The second thing that we worked on is that I need to focus on the here and now. Instead of getting myself all worked up about IVF right now, I need to focus on this cycle. There is a potential that we may not even need IVF and I really need to focus my energy on this cycle right now, and send good positive thoughts towards what we’re dealing with at this moment. This struck a chord with me because I mentioned in my last post that I’m pretty much dismissing this cycle and already looking towards IVF. So I will renew my focus and try to work as hard as I can to stay positive about this cycle and where we are now and not stress about the possibilities of what might happen in the future.

Throughout all of this, I found it very interesting that while I was laying there, my mind kept wandering back to two specific trips that I taken when I was younger. One was a trip to DC in the summer after 8th grade and the second one was a three week trip to Europe in the summer after my sophomore year. While I thoroughly enjoyed both of these trips, I don’t often think about them, so I wondered if there was some significance. I mentioned these images to Lisa and she kind of helped me to discern what importance they might have for me and why I would keep conjuring them up.

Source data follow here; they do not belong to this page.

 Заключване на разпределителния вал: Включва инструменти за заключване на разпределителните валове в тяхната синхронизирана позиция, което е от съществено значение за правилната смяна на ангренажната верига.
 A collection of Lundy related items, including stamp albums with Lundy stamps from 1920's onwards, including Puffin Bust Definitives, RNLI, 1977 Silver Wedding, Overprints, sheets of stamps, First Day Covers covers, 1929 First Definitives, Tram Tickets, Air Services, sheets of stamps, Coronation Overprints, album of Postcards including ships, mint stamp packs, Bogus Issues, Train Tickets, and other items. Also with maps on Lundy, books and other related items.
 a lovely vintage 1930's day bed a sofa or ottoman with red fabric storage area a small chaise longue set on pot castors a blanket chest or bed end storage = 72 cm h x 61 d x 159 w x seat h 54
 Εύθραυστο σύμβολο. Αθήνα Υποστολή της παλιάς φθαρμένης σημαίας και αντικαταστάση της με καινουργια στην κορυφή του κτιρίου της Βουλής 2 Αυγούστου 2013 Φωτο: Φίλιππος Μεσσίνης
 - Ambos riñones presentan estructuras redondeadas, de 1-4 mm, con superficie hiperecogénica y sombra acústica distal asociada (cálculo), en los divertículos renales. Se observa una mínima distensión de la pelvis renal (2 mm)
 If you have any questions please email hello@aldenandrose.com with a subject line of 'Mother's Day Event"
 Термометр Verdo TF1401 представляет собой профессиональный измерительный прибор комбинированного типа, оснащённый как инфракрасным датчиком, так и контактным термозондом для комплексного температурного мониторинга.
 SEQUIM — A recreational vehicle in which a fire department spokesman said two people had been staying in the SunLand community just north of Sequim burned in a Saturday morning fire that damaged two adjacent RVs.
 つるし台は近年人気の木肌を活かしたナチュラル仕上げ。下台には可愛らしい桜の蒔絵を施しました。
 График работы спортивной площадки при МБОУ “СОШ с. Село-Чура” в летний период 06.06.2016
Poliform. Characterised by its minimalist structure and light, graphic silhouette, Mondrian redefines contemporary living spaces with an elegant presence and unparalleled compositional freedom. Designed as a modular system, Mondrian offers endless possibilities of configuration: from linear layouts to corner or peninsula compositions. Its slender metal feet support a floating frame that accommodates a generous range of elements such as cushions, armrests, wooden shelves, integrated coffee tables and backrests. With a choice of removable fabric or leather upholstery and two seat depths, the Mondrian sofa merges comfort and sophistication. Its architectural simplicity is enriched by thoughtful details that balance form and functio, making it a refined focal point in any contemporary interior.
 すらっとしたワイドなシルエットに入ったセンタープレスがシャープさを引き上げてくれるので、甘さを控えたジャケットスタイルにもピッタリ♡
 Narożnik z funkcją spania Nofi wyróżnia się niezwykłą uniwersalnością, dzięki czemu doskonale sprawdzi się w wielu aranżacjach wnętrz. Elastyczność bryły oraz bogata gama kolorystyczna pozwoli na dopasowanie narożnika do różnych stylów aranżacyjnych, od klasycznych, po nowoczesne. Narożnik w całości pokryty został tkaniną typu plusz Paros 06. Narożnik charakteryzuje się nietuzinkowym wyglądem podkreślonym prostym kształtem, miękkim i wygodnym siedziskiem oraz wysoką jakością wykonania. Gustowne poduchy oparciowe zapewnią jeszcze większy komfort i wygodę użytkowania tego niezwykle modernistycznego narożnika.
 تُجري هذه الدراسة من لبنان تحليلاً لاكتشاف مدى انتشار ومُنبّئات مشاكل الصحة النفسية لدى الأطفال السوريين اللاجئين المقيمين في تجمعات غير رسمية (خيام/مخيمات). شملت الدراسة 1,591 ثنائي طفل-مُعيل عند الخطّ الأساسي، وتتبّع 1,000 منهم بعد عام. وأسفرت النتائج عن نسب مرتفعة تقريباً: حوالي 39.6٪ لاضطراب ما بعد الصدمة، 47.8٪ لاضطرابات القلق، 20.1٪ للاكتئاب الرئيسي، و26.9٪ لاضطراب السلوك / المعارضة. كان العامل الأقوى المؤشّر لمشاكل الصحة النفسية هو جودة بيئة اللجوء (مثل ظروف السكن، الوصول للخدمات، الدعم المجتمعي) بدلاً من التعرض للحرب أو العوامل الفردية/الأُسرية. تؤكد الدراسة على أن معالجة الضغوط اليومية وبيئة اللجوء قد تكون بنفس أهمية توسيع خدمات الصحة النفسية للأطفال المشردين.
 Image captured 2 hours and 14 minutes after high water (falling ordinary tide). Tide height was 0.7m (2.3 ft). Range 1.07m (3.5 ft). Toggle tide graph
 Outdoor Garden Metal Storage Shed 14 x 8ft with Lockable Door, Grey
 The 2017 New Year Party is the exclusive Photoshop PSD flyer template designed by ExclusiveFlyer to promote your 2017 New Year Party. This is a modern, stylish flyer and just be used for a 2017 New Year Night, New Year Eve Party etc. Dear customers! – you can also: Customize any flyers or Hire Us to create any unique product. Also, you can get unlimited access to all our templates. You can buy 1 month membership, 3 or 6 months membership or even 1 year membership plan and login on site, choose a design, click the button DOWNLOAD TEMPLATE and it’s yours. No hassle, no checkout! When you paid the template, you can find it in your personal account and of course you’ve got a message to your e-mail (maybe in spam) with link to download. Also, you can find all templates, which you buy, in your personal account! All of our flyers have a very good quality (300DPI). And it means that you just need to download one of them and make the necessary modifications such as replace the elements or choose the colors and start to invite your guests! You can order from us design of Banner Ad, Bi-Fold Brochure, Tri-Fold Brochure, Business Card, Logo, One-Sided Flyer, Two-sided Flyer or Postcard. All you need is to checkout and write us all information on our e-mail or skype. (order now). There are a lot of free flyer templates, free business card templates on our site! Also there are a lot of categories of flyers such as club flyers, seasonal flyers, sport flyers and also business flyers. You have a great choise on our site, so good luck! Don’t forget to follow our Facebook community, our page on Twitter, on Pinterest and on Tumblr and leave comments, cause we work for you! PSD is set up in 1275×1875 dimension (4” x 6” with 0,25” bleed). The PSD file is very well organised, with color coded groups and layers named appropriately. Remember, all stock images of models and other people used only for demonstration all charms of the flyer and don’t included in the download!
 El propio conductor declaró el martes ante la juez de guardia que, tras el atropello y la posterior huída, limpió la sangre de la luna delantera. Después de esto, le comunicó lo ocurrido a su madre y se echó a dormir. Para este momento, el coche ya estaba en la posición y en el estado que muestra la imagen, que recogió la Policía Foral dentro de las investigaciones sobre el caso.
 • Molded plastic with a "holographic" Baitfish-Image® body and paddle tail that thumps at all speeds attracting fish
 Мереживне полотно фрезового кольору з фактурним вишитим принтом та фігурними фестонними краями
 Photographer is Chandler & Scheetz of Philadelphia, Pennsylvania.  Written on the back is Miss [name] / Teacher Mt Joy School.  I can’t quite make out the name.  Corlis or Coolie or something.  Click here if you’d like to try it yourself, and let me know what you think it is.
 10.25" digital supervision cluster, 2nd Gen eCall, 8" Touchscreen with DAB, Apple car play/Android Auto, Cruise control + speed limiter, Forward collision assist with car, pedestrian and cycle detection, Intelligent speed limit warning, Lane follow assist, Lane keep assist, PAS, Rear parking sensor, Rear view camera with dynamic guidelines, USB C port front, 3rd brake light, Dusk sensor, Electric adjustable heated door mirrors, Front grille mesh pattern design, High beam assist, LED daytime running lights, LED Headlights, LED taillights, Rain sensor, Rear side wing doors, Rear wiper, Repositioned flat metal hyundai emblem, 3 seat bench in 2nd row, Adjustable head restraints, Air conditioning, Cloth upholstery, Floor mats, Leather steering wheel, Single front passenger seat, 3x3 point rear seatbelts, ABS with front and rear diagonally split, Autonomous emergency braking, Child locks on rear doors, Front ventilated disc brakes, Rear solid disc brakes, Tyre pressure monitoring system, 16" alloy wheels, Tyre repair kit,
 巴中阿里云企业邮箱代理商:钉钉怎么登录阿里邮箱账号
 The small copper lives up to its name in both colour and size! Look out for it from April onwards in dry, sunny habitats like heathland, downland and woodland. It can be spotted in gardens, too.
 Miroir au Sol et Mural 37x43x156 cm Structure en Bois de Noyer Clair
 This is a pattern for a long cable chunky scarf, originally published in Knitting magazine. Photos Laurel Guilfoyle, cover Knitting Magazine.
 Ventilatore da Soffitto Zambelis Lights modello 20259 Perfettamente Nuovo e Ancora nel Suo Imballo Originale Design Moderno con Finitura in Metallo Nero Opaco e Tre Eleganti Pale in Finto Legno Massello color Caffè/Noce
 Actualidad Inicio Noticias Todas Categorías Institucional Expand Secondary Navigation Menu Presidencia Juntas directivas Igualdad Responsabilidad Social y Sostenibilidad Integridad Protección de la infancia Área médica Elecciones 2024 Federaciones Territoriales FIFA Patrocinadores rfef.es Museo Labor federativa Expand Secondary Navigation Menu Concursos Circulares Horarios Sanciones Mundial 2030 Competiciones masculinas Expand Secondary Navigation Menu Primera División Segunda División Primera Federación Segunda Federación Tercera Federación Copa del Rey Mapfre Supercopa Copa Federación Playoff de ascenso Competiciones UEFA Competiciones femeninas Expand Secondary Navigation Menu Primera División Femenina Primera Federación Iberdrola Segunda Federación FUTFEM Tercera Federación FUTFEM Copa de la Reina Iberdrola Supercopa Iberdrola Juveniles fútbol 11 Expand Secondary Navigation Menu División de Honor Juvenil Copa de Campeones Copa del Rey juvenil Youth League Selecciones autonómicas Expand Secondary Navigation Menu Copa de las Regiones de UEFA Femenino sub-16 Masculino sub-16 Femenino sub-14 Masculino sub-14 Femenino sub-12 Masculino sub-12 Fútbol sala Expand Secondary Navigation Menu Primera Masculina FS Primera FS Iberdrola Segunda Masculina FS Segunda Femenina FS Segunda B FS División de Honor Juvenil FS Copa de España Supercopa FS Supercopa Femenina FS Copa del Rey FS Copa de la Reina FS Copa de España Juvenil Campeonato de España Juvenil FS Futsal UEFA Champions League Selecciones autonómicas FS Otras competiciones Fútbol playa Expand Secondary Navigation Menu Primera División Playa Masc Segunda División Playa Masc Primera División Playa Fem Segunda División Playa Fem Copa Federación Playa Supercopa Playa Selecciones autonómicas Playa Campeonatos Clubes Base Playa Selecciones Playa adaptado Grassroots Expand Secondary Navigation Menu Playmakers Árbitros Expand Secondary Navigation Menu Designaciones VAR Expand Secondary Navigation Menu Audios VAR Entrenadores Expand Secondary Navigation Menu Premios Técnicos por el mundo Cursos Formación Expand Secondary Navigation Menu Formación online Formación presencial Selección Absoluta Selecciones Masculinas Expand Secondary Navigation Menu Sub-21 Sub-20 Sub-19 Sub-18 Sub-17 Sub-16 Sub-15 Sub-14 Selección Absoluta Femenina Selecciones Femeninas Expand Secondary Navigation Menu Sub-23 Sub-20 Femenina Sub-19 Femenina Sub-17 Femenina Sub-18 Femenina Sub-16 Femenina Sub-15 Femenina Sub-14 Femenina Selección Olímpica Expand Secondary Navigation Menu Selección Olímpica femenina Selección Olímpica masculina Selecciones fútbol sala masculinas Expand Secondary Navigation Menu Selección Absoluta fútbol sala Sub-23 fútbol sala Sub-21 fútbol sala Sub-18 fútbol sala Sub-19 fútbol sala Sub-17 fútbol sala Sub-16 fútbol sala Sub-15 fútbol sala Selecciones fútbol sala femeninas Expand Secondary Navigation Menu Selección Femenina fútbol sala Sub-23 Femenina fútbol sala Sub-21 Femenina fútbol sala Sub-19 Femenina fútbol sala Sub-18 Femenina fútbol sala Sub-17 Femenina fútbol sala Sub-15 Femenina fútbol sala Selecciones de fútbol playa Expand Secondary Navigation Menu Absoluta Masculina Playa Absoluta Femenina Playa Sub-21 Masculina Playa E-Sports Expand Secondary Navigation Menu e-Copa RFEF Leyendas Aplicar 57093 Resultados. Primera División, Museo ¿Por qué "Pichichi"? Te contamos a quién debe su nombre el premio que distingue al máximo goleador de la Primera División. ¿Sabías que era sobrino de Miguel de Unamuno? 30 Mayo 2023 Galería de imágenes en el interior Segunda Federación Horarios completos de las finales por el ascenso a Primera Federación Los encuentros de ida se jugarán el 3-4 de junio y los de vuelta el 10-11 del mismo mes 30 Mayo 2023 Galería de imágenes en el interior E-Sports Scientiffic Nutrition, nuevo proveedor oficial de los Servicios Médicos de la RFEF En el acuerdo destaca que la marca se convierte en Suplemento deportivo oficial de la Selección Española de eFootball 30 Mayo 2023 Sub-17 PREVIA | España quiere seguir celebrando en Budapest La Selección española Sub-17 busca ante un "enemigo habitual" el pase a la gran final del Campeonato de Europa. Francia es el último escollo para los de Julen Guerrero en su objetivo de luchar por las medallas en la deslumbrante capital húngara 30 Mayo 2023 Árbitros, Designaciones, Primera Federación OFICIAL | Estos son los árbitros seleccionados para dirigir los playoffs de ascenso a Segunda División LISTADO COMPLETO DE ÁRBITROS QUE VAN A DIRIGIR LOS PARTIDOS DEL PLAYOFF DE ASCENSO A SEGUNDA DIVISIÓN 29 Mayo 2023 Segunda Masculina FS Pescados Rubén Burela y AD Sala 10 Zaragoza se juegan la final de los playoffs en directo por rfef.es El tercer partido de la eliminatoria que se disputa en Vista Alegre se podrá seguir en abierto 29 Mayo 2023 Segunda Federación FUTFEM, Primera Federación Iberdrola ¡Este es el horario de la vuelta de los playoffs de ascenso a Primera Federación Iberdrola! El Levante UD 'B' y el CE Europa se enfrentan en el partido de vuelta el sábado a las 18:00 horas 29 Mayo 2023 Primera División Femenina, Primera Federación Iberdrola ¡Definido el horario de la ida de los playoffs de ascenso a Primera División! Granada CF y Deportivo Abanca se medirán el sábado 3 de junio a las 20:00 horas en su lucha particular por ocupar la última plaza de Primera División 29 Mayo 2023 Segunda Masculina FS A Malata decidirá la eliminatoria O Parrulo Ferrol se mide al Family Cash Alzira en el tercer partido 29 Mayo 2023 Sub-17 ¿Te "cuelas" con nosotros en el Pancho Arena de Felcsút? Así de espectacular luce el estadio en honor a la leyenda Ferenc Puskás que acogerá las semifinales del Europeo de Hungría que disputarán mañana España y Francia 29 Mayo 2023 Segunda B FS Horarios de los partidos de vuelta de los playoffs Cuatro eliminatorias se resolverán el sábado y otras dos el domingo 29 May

Ultimately, I think that these images were coming to me because these were journeys that I went on that I really had no part in planning. I’ve been on lots of trips since those two trips, but I’ve been the coordinator and planner extraordinaire for said trips. These two particular trips were different in that I paid my money, went on the trip and enjoyed myself. Someone else did all of the planning, research, and coordinating for me…all I had to do was show up. I’m sure that this is some way of my subconscious telling me that I need to just go with the flow a bit more and trust in my care providers so that I can enjoy my life as it is now without all of the worry of this other, very different, journey that I’m on.

Anyway, that’s the recap of my Reiki session for this month…definitely worth the money and time investment. I took my last 5 Femara pills last night, and I’m sending lots of love and appreciation to those ovaries of mine so we’ll see what it all adds up to on Monday when I go for my ultrasound.